Suitable methods and agents for use in such therapy are well known in the art, and are discussed herein.

The identification of both susceptibility and protective polymorphisms as described herein also provides the opportunity to screen candidate compounds to assess their efficacy in methods of prophylactic and/or therapeutic treatment. Such screening methods involve identifying which of a range of candidate compounds have the ability to reverse or counteract a genotypic or phenotypic effect of a susceptibility polymorphism, or the ability to mimic or replicate a genotypic or phenotypic effect of a protective polymorphism. Still further, methods for assessing the likely responsiveness of a subject to an available prophylactic or therapeutic approach are provided. Such methods have particular application where the available treatment approach involves restoring the physiologically active concentration of a product of an expressed gene from either an excess or deficit to be within a range which is normal for the age and sex of the subject. In such cases, the method comprises the detection of the presence or absence of a susceptibility polymorphism which when present either upregulates or downregulates expression of the gene such that a state of such excess or deficit is the outcome, with those subjects in which the polymorphism is present being likely responders to treatment.

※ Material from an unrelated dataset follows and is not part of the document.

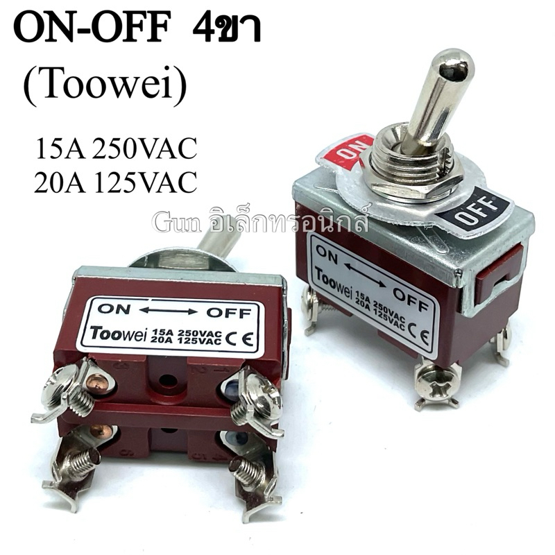 สวิตช์โยก ON-OFF 4ขา แบบล็อก ยี่ห้อ Toowei 15A250VAC. 20A125VAC อย่างดี สินค้าสามารถออกบิลได้

Examples of polymorphisms in linkage disequilibrium with the polymorphisms specified herein can be located using public databases, such as that available at www.hapmap.org, using, for example a unique identifier such as the rs number. INDUSTRIAL APPLICATION

The present invention is directed to methods for assessing a subject's risk of developing chronic obstructive pulmonary disease (COPD), emphysema, or both COPD and emphysema. The methods comprise the analysis of polymorphisms herein shown to be associated with increased or decreased risk of developing COPD, emphysema, or both COPD and emphysema, or the analysis of results obtained from such an analysis. The use of polymorphisms herein shown to be associated with increased or decreased risk of developing COPD, emphysema, or both COPD and emphysema in the assessment of a subject's risk are also provided, as are nucleotide probes and primers, kits, and microarrays suitable for such assessment. Methods of treating subjects having the polymorphisms herein described are also provided. Methods for screening for compounds able to modulate the expression of genes associated with the polymorphisms herein described are also provided. REFERENCES

Maniatis,T., Fritsch, E. F. and Sambrook, J., Molecular Cloning Manual. 1989.

Sandford AJ, et al., 1999. Z and S mutations of the αl -antitrypsin gene and the risk of chronic obstructive pulmonary disease. Am J Respir Cell MoI Biol. 20; 287-291.

***

All patents, publications, scientific articles, and other documents and materials referenced or mentioned herein are indicative of the levels of skill of those skilled in the art to which the invention pertains, and each such referenced document and material is hereby incorporated by reference to the same extent as if it had been incorporated by reference in its entirety individually or set forth herein in its entirety. Applicants reserve the right to physically incorporate into this specification any and all materials and information from any such patents, publications, scientific articles, web sites, electronically available information, and other referenced materials or documents.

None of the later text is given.